I’d frozen before the stove. Was it that obvious, my guilt?
She’d wrapped her thin arms around me and squeezed. “You never make it anymore. Thank you.”
* * *
“Are you laughing at me?” I asked Hayes now.
“Nawww… I would never do such a thing.” He had interlaced both hands behind his bonny head and was reclining on the banquette. There was something lovely about how comfortable he was in his skin. How at ease he was with his body. He owned it. He was happy with it. Boys were so different from girls.
“How’s your mum? What’d she say when you told her we were having lunch?”
“Ha!” Hayes threw back his head and let out a deep belly laugh. “You’re good.”
“You have no idea.” I had not meant to say it out loud, but there it was.
“Did you…? You’re flirting with me.”
“I’m sparring. I’m not flirting.”
“Am I to know the difference when I see it?”
“Don’
t know. Depends how bright you are.”
He sat up then, erect. And then, without a hint of guile, he said: “I like you.”
“I know you do.”
“Hayes!” Some guy in a suit was approaching the table. Suits were a rarity in Los Angeles. Nine times out of ten, a guy in a suit was an agent. Five times out of ten, he could not be trusted. So said Daniel.

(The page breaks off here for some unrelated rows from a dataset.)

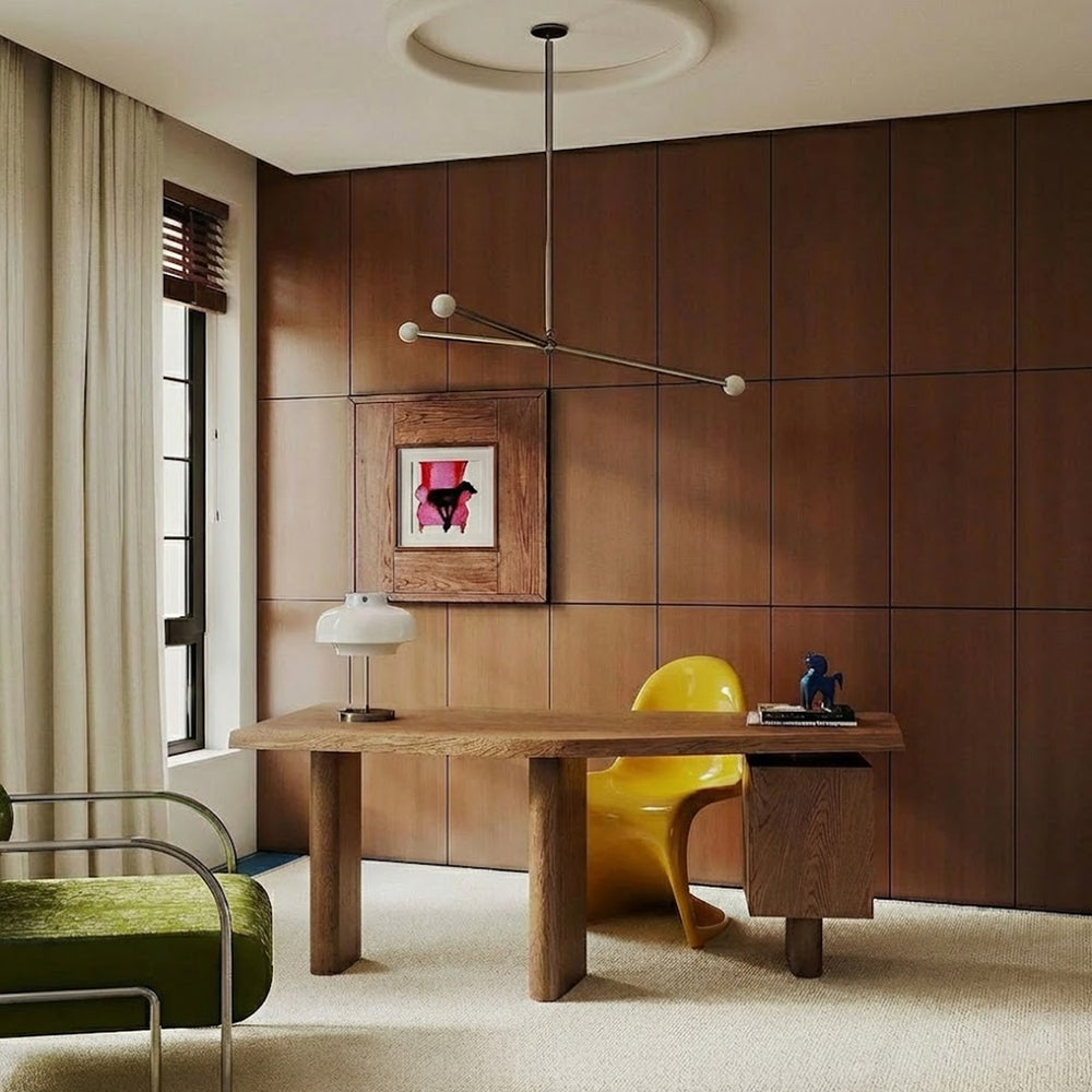 ファッショナブルなバーミリオンオレンジに近いブリックカラー × ベージュの配色と、無機的なフォルムのデザインがスタイリッシュなRUGHAUSの天然素材ウール100%ハンドタフトのモダンポップアートラグを主役にしたモダンなリビングルームイメージ
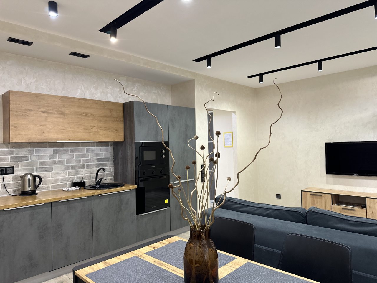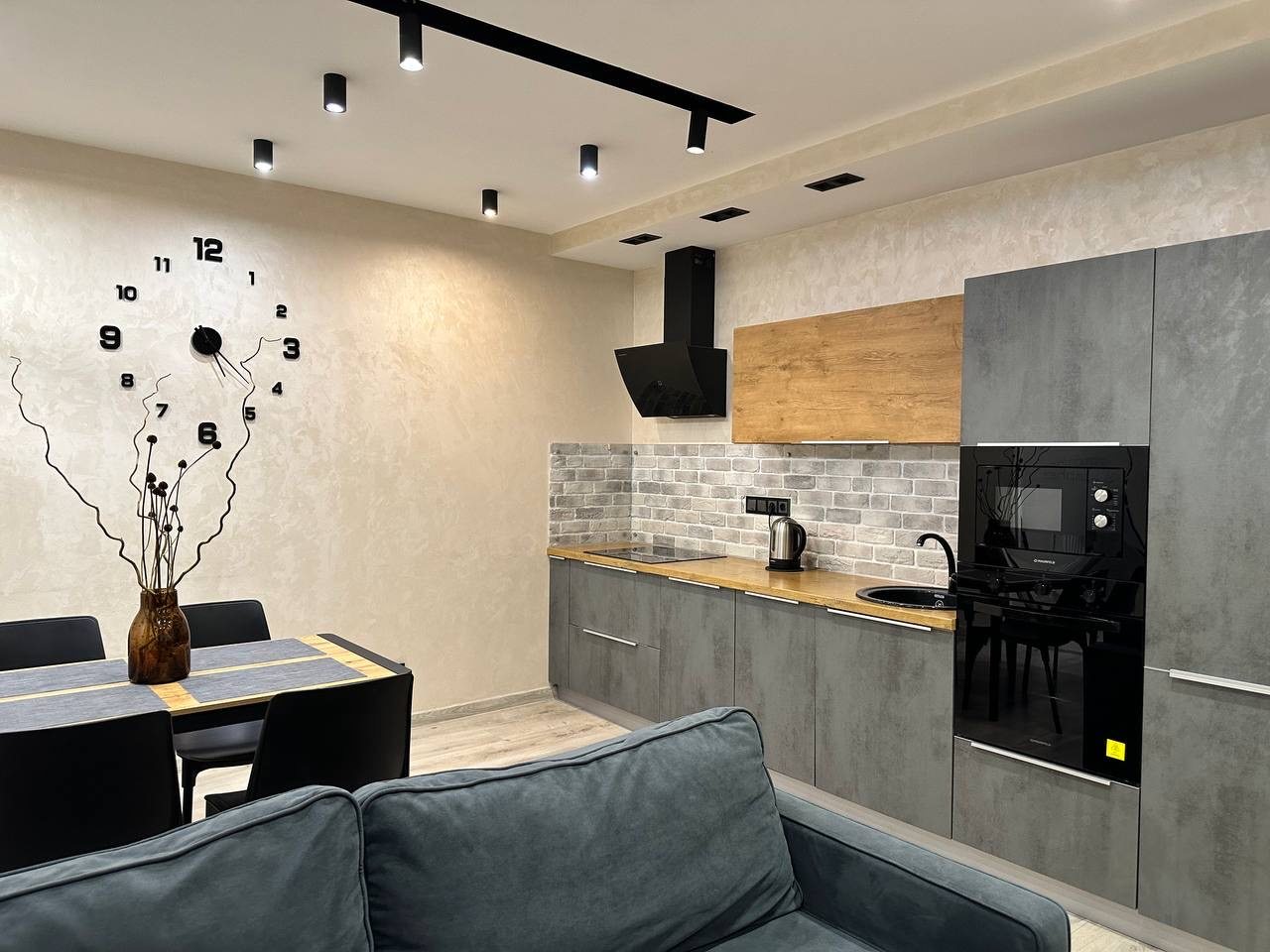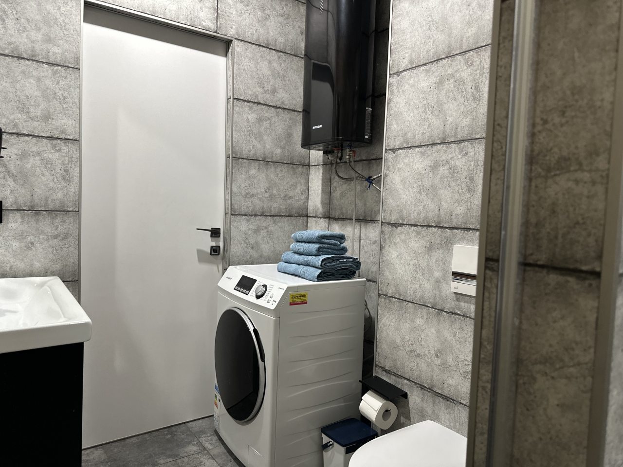 Внутри вас ожидает стильный дизайн, большая и удобная кровать, мягкий диван напротив жк-телевизора, различные сценарии освещения, ванная комната со стиральной машиной, необходимой сантехникой и комплектом полотенец.
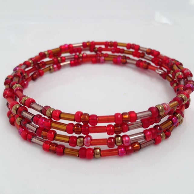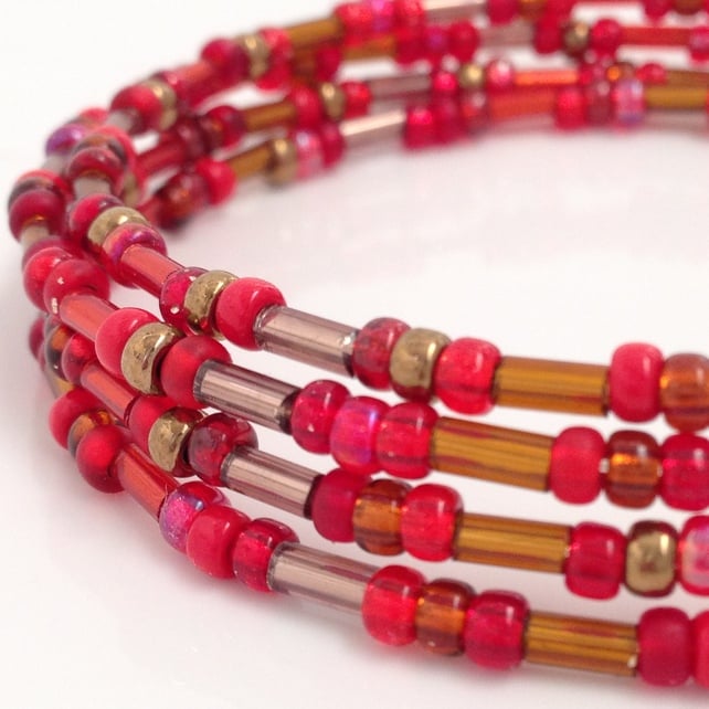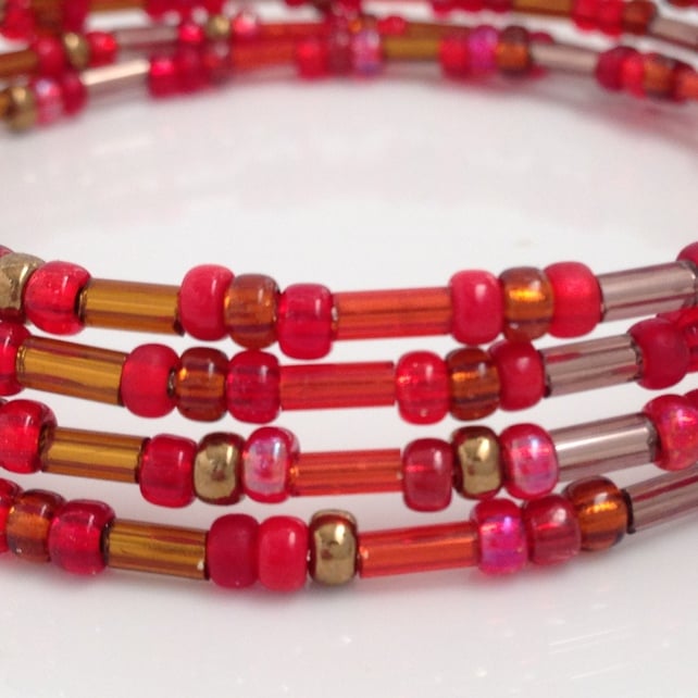 This memory wire bracelet has been made using size 8 Miyuki seed beads in magma mix (gold, red and bronze), with the addition of some bugle beads in orange, gold and light brown to create variety in the piece.
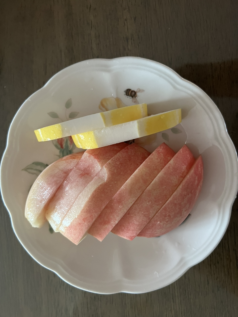 오늘도 아침은 과일, 복숭아와 참외를 깎았다. 점심에는 첫째 아이가 좋아하는 감자전을 했다. 제철 감자는 무얼 해도 맛있고, 감자전은 언제 해도 맛있다. 감자를 썰어서 굵은소금과 같이 갈았다. 우리 집 믹서기는 물이 조금 들어가야 감자가 갈린다. 물을 조금 붓고 감자 1킬로 남짓을 조금씩 넣어가며 갈았다. 갈아진 감자는 체반에 받쳐서 물을 빼고 부쳐도 되는데, 오늘은 물을 빼는 과정을 생략하고, 농도를 맞추기 위해 감자 전분을 추가했다. 쌀가루나 찹쌀가루로 농도를 맞추어도 좋은데, 오늘은 쫄깃한 감자전을 만들려고 감자 전분을 넣었다. 갈아 놓은 감자 양이 많아서 감자 전분을 150그램 정도나 넣었다. 반죽이 되직해지는 느낌은 별로 없었는데 부치니까 점성이 상당하다. 쌀가루나 찹쌀가루를 넣으면 반죽은 금세 되직해지지만, 부칠 때에는 조심스러울 정도로 부드러운 것과는 사뭇 다르다. 감자전은 불조절만 잘하면 성공이다. 기름을 살짝 두르고(기름을 많이 두르고 튀기듯이 구워도 색다른 맛이 있다) 센 불에서 2분 정도 굽고, 뒤집어서 또 2분 정도 센 불에서 굽는다. 이후에는 약불에 오래오래 구울수록 색도 나고 맛도 좋다. 미리 만들어둔 적양배추양파무침이 있어서 초간장과 함께 곁들였다.
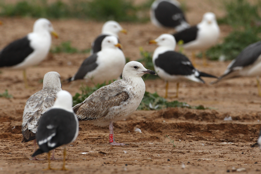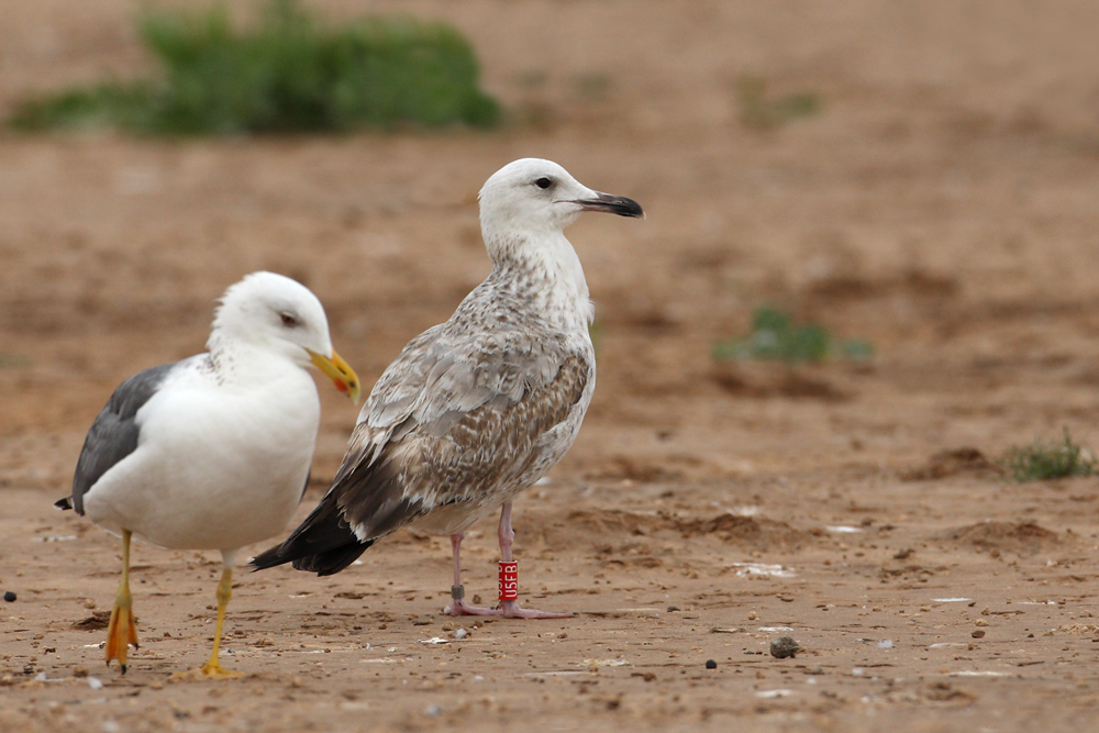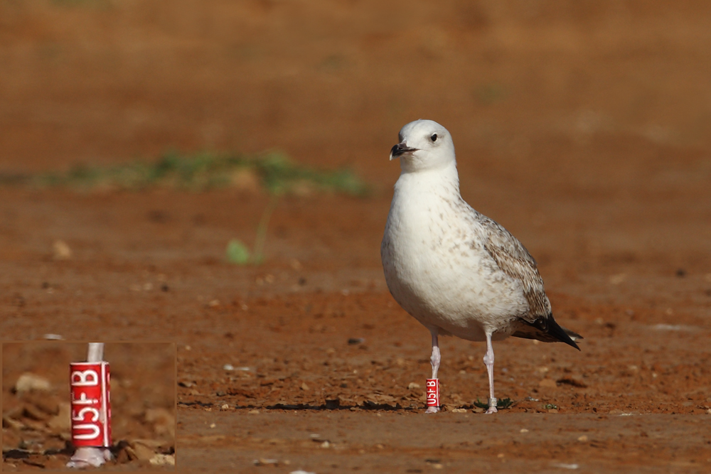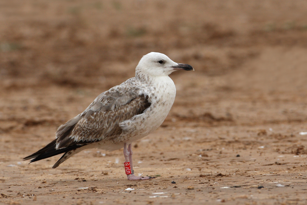 Larus cachinnans 2cy U5FB March 13-16 2010, Ashdod, Israel. Picture: Amir Ben Dov. Ringed in Israel, after taken into hospital. Cachinnans can sometimes appear more chocolate brown. |
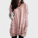 Riley - Spausdintas Patogus Megztinis yra naujas tavo mėgstamiausias atsipalaidavusios elegancijos pasirinkimas. Su banguotu kraštu, išraiškingais gėlių siuvinėjimais ir per dideliu siluetu, jis derina prabangias detales su kasdieniu patogumu.
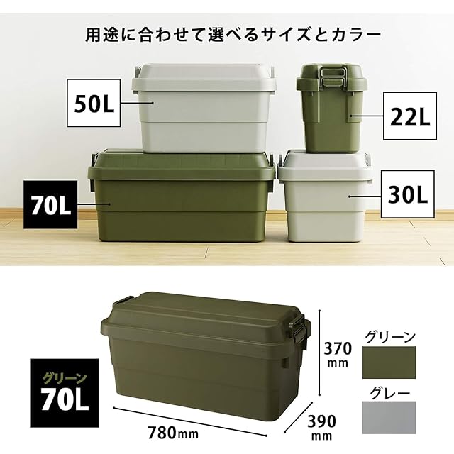 リス(RISU) 収納ボックス トランクカーゴ 70L グリーン 日本製 TC-70 2個セット コンテナ ボックス 屋外収納 キャンプ 防水 GHON072
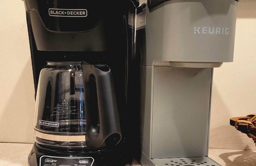 KITCHEN – Well-equipped kitchen with lots of counter space, recessed lighting, extra-large double sink under bright window, laptop workstation with chair, and stainless-steel appliances - huge refrigerator and freezer, dishwasher, flat-top stove & oven with over the range microwave, and toaster. Keurig & 12-cup Mr. Coffee machines and fully stocked with dish sets, pots and pans, silverware, mixing bowls, cups, wine glasses, mugs, pitchers, cutting board, cooking utensils, blender, crock pot and pantry items - everything needed to prepare meals at the cottage. Exterior door to side patio with large gas (propane) grill/BBQ.
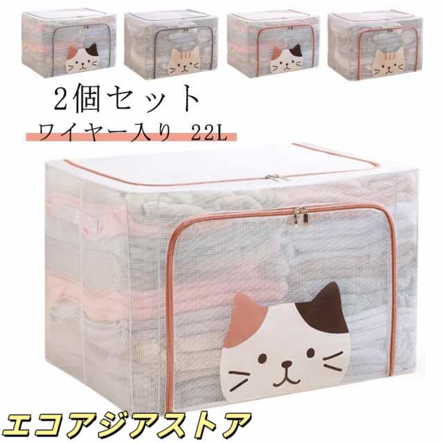 ■クリア 持ち手 収納ケース 布団 ワイヤー 22L 収納袋 収納ケース ネコ 2個セット おもちゃ 2個セット 透明窓 PVC 羽毛布団 収納 布団ケー
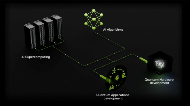 This democratization of workflows and development of a robust and performant software stack is exactly what enabled GPUs to revolutionize supercomputing. Building from the same framework that made accelerated computing successful is critical for quantum computers to evolve from research projects to enablers of science. This idea is called quantum accelerated supercomputing.
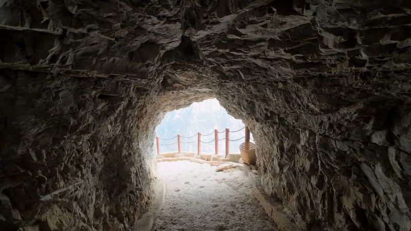 骡马道随着岩壁的走势而建,整体呈“Z字形”,就像我们的人生一样,总是需要在前进的道路上绕来绕去,才能达到终端。
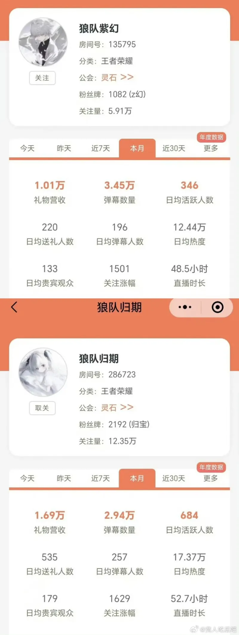狼队选手直播流水:风箫最高,小胖最低
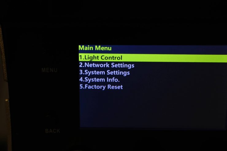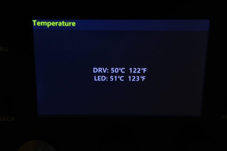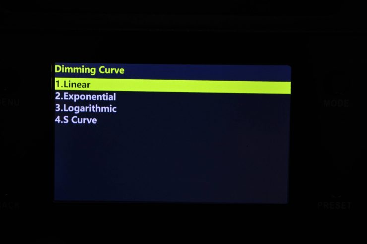 The menu also gives you the ability to adjust the dimming curves, the fan speed, check the operating temperature of the fixture, update firmware, etc.
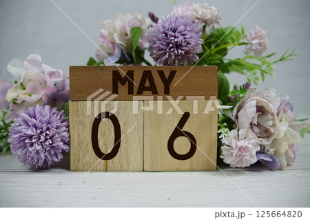 Wooden Calendar Showing the Date of May 6th. Day 6 of May month
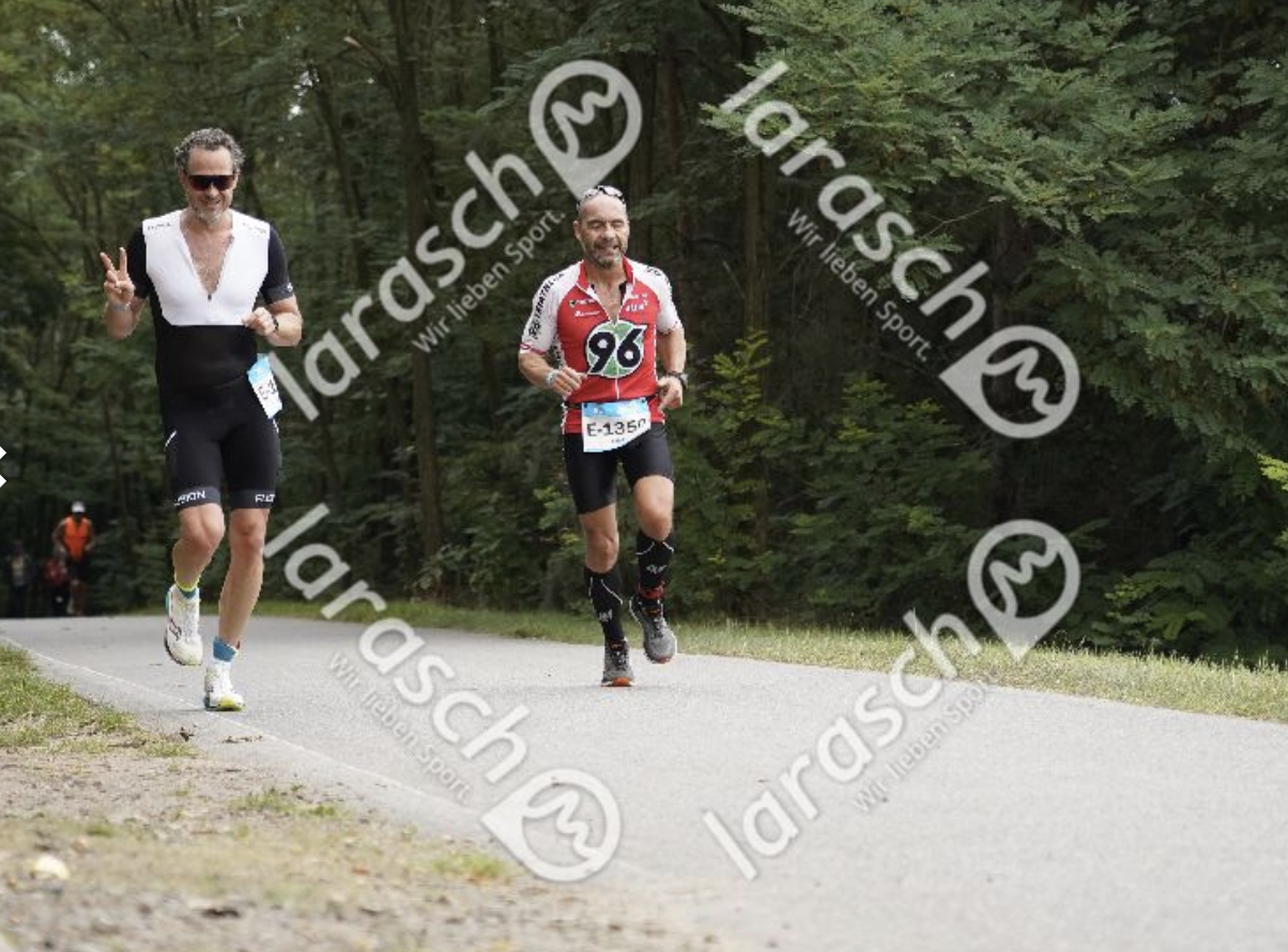 Zwei Männer joggen auf einem Waldweg, einer im schwarzen, der andere im roten Trikot, umgeben von Bäumen.
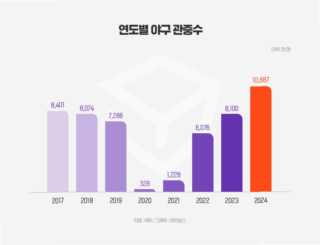 2022년 600만 관중을 넘어선 프로야구는 2023년 810만 명을 돌파하며 폭발적인 성장을 보였습니다. 특히 2030세대의 유입이 두드러졌습니다. 2024년에는 1000만 관중 시대를 열며, 구단 매출 또한 사상 최고치를 경신했습니다KIA 타이거즈는 상품 매출만으로 400억 원 이상을 벌어들였고, 김도영 선수의 유니폼은 100억 원 이상 판매되었습니다. 이는 프로야구의 위상이 얼마나 달라졌는지를 보여주는 단적인 예입니다.

I noted a quick look of annoyance wash over Hayes’s features before he turned to see who was summoning him. And then like that, he turned on the charm.
“Heeeyyy.”
“Max Steinberg. WME.”
“Of course, I know exactly who you are. How are you, Max?”
“How are you? Tour’s going amazing, isn’t it? We’re all really stoked. I’m coming by Staples tomorrow night. Bringing a couple of my nieces. They couldn’t be more excited. And I caught you guys on Jimmy Kimmel last night. They’re just eating you up…”
Jimmy Kimmel? Was that before or after our phone call? Hayes had not mentioned it. I opened my mouth to say something and then stopped.
“It went well, yeah.”
“They loved you. Everyone loves you. That new ballad, ‘Seven Minutes.’ Great. And great banter. Hi, I’m Max Steinberg.” The suit leaned over to shake my hand, having finally acknowledged my presence at the table.
“Max, this is Solène Marchand.”
Max cocked his egg-shaped head, trying to place me. “You with Universal?”
“No.”
“42West?”
I shook my head.
“Solène owns an art gallery in Culver City.”
“Oh … Nice.” He did that thing Hollywood people did when they learned I wasn’t in the industry: he tuned out. “Well, okay, I won’t keep you.
“Hayes, good luck tonight, buddy. We’ll see you tomorrow. I’ll have two squealing teenagers with me. But I guess you’re used to that, huh? Just girls … everywhere … Enjoy it.” He winked. “Solène, nice meeting you. If you two haven’t ordered yet, get the halibut. It melts in your mouth.”
“So, Max Steinberg…” I said once he was out of earshot.
“Max Steinberg,” Hayes chuckled. “I’m sorry, that was rude. That ‘girls’ comment was completely unnecessary … I don’t know what he was thinking.”